TASK DIRECTIONS
Below are several records. Retype exactly those lines running from the one with "Pour transporter les" through the one with "Теперь посмотрим выше", end lines included, and no others.

PROVIDED INFORMATION
= = = = =
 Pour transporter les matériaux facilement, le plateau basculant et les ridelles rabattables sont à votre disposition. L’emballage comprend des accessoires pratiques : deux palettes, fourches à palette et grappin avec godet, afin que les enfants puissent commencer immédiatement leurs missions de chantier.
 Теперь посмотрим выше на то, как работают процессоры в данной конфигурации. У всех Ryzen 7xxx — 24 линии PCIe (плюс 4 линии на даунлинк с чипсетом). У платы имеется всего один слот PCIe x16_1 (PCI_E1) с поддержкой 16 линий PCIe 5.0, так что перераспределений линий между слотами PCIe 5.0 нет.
= = = = =
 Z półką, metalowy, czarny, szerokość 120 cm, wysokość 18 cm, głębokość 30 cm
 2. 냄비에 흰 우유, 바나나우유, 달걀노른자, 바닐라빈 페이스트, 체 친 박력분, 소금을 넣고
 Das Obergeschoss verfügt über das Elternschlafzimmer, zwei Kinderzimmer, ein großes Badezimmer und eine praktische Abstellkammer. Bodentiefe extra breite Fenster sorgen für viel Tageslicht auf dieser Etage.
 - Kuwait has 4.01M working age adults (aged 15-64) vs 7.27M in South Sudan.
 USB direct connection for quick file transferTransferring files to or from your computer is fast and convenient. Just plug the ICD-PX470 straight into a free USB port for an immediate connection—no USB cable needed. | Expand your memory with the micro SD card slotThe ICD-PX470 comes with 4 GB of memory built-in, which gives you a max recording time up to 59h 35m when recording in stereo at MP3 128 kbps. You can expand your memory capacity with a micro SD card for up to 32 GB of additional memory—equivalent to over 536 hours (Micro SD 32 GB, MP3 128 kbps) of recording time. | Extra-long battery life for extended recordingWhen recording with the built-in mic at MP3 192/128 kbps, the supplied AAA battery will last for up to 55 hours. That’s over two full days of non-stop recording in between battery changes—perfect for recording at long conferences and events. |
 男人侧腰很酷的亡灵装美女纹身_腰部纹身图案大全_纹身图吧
= = = = =
TASK ANSWER
 Pour transporter les matériaux facilement, le plateau basculant et les ridelles rabattables sont à votre disposition. L’emballage comprend des accessoires pratiques : deux palettes, fourches à palette et grappin avec godet, afin que les enfants puissent commencer immédiatement leurs missions de chantier.
 Теперь посмотрим выше на то, как работают процессоры в данной конфигурации. У всех Ryzen 7xxx — 24 линии PCIe (плюс 4 линии на даунлинк с чипсетом). У платы имеется всего один слот PCIe x16_1 (PCI_E1) с поддержкой 16 линий PCIe 5.0, так что перераспределений линий между слотами PCIe 5.0 нет.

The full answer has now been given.